Work to complete. From the line with "比赛现场,邹总厨忙而不乱,洗" to the line with "- SECURED LID", retype each line exactly as it stands in the records below, but skip the pictures.

Extracted entries.

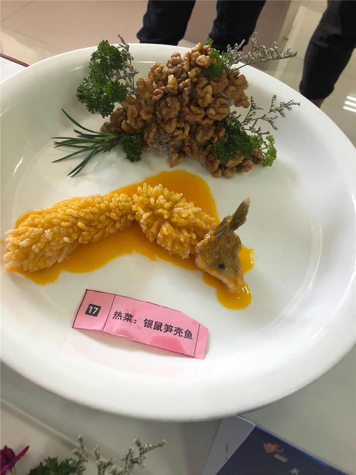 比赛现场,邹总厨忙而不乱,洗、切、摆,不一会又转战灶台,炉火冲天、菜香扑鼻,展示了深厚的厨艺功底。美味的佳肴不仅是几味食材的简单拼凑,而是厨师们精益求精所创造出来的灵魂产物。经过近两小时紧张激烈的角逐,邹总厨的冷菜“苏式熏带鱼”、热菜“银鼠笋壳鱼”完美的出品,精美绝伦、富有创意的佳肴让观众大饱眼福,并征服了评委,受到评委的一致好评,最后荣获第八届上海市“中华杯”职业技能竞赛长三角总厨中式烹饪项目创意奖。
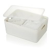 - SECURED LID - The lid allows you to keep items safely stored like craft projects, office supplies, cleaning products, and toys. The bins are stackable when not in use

---

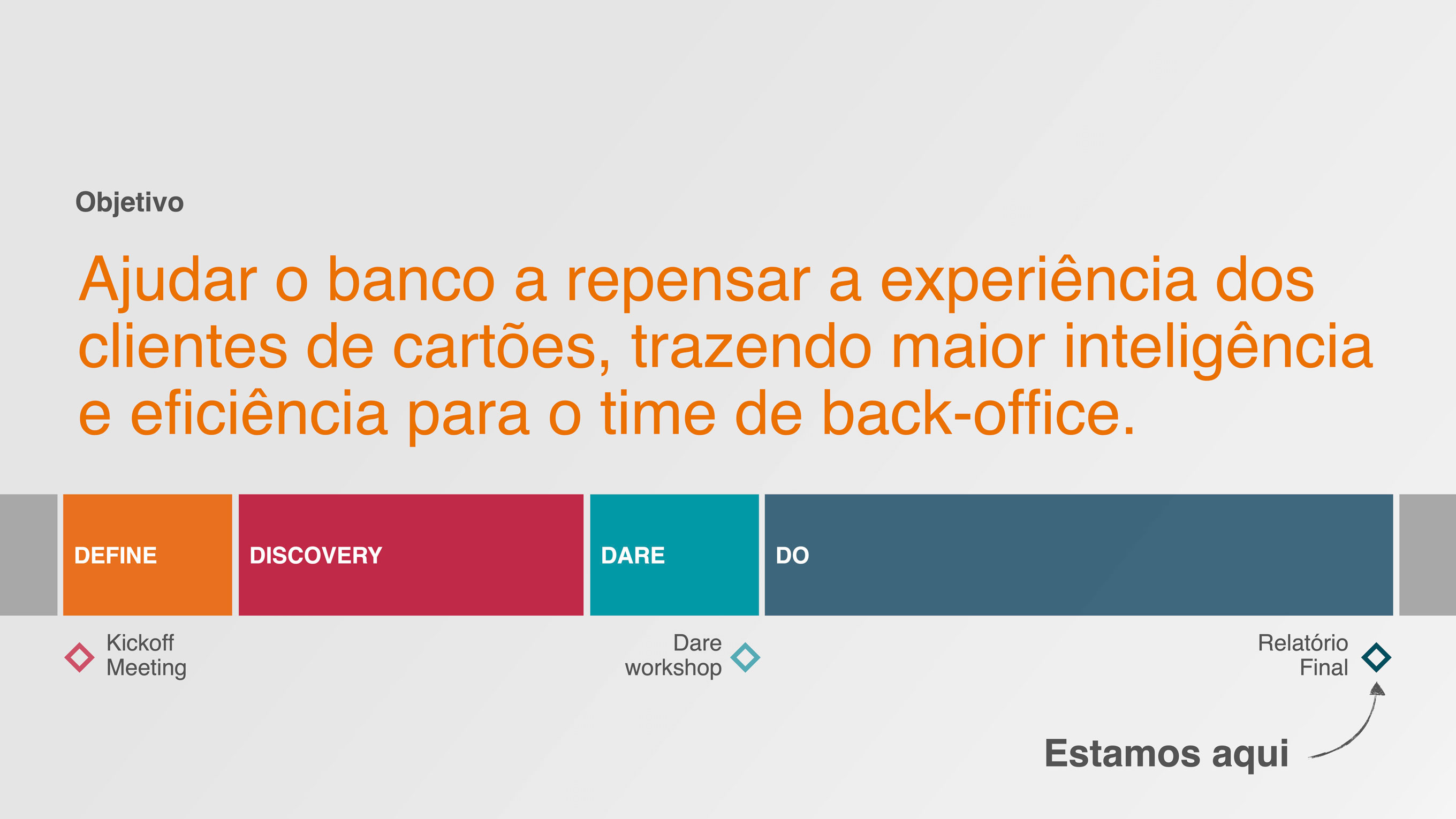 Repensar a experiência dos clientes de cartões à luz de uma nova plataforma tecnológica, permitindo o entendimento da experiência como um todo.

Answer section.
 比赛现场,邹总厨忙而不乱,洗、切、摆,不一会又转战灶台,炉火冲天、菜香扑鼻,展示了深厚的厨艺功底。美味的佳肴不仅是几味食材的简单拼凑,而是厨师们精益求精所创造出来的灵魂产物。经过近两小时紧张激烈的角逐,邹总厨的冷菜“苏式熏带鱼”、热菜“银鼠笋壳鱼”完美的出品,精美绝伦、富有创意的佳肴让观众大饱眼福,并征服了评委,受到评委的一致好评,最后荣获第八届上海市“中华杯”职业技能竞赛长三角总厨中式烹饪项目创意奖。
 - SECURED LID - The lid allows you to keep items safely stored like craft projects, office supplies, cleaning products, and toys. The bins are stackable when not in use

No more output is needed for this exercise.